Paris is looking forward to being home to the largest rooftop farm in the world. It is estimated that the farm will produce about 2000 pounds of produce in a day during peak season. Let us have a look at how this trend is being picked up all over the world.

Urban farming company Agripolis is bringing what will be the world’s largest rooftop urban farm to Paris to get city dwellers closer to nature and sustainably produce a wide assortment of fruits and vegetables that they can include in their diet. This 1,50,000-square-foot sprawling green space will be atop the Exhibition Centre at Porte De Versailles when it will open up in 2020. The urban farm is a significant part of the decade-long renovation project to make the exhibition center a model for sustainable development as the rest of Paris’ infrastructure follows suit. The produce will be grown entirely organically in an aeroponic manner, meaning they’ll be arranged vertically above ground in crop columns and fed by a rain of water and biological nutrients. Agripolis hopes that the farm will establish itself as a model for the rest of the world. “By installing working farms on the sites we operate, we are helping to foster environmental and economic resilience,” says Agripolis founder Pascal Harder, noting this is the organization’s core principle.

In New York City, urban farming is changing the way communities approach food production, sustainability, and socialization. Farming in a concrete jungle seems like a utopian idea prima facie, yet transforming one of the world’s largest cities into a sustainable metropolis is exactly what urbanites are aiming for one farm at a time. Urban farming is an agricultural revolution aiding the change of global urban landscapes, even in Brooklyn. From rooftop-grown organic herbs to brownstone backyard tomato plants, urban farming is creating green utopias in otherwise unused or abandoned metropolitan spaces.

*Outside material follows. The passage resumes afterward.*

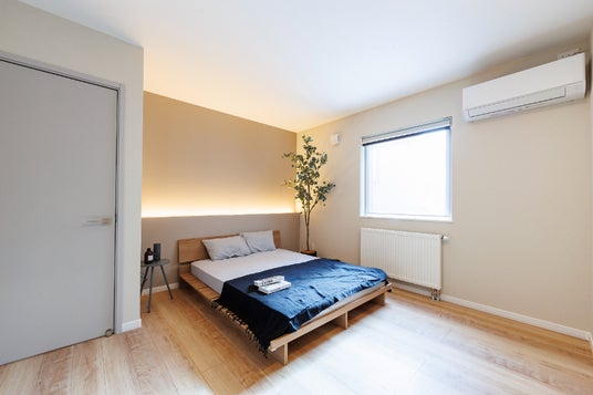 間接照明が静かな時間を演出する主寝室。安眠や鎮静効果が期待できるラベンダーとハーブの香りが、空間をより上質なものにします。ディフューザーは静音タイプで、眠りを妨げることなく使用できます。就寝前から香りを広げると、香りに包まれながら眠りにつくことができます。

This phenomenon is not just restricted to fruits and vegetables. The Brooklyn Grange Apiary, which is an extension of its flagship farm in Long Island City, specializes in producing natural, distinctly flavored honey that will meet the city’s local demand. To produce the honey, the apiary will open 30 beehives in the Brooklyn Navy Yard. Hives will be installed to help pollinate crops and increase productivity.

Rooftops in densely populated Hong Kong are fast turning ­greener and more fertile as urban farmers seek to grow crops from their homes and offices and create a more liveable community. Some 60 rooftop farms and 1,400 farmers have emerged locally over the past decade, and a handful of farms are added each year, according to Mathew Pryor, an associate professor and head of the landscape architecture ­division at the University of Hong Kong. Some 60 rooftop farms and 1,400 farmers have emerged locally over the past decade, and a handful of farms are added each year, according to Mathew Pryor, an associate professor and head of the landscape architecture ­division at the University of Hong Kong.

Urban farming can reduce food-related carbon emissions, including transportation (low food mileage) and production costs (packaging and storage). It can bolster economic growth by keeping the exchange of food localized and gentrifying depressed urban areas and improve green and energy-efficient initiatives by “reducing harmful runoff, increasing shading and countering the unpleasant heat-island effect,” according to National Geographic. The pace at which urban farming is expanding, it may soon set out to be a regular social activity.